Compassion for pain

12/18/2025

Behind every addiction — whether it’s food, alcohol, tobacco, cocaine, cannabis, crack, whatever you name — there is an inability to hold enormous emotional pain.

But not only that.

There is also a deep sense of shame about who you are as a person, layered with guilt for feeling what you feel.

Shame and guilt are formed in our psyche as a way to protect us from outside shame and outside anger. We internalize it, and it becomes anger pointed toward ourselves — what we call guilt.

These enormous amounts of emotional pain become so unbearable to hold that people use drugs to bypass the protector — the part that carries internalized shame and guilt — in order to access the vulnerable part.

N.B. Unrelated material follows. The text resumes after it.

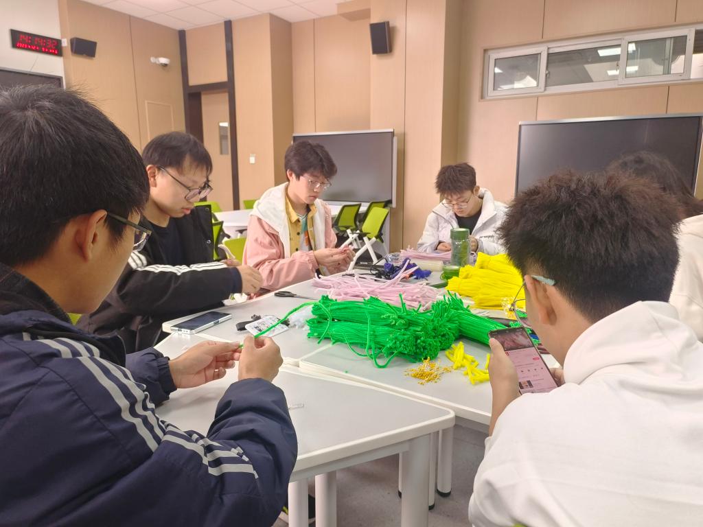 活动当天,组织部为大家准备了各种颜色的扭扭棒、丝带、弹力绳、热熔枪等材料。在观看了教学视频后,同学们开始认真地制作绒花。他们先将绒棒剪成三种长度不一短绒棒,接着把它们一个个折起来折成花瓣,然后用弹力绳将花瓣一片片固定在花枝上,最后做出枝叶,让花瓣“盛开”,一朵栩栩如生的绒花就完成了。虽然制作过程有些繁琐,但同学们都表现出了极大的热情和耐心,纷纷表示这是一次难忘的体验。

The vulnerable part is the one that can feel connection with others, the one that still believes it can be itself, that it is allowed to have desires, wants, and needs.

That’s why many people, when they use drugs or alcohol, become more vulnerable.

The situations they find themselves in while high or drunk are often the very situations that would bring this vulnerability out — just in a more intense way. And if that vulnerability is not integrated, the belief that “there is something wrong with me for being who I am” becomes even stronger.

This is the vicious cycle that people struggling with addiction are trying to break.

So I want to express my compassion.

And my understanding.

For how they feel.

For the heaviness of being they signed up to carry in this lifetime.

Have compassion for yourself.

Have compassion for your needs, your desires — even for the moments when you slip and use.

Because using is not “the wrong track.”

It became the only track where the pain could disappear for a moment — where there could be relief.

Everyone wants to live freely.

Everyone wants to love and feel connection.

So why do we blame people who use drugs for wanting those things?

For wanting to connect to who they are without fear, shame, and guilt?

For wanting access to their vulnerable, true self — the self that is so afraid to be seen when they are sober.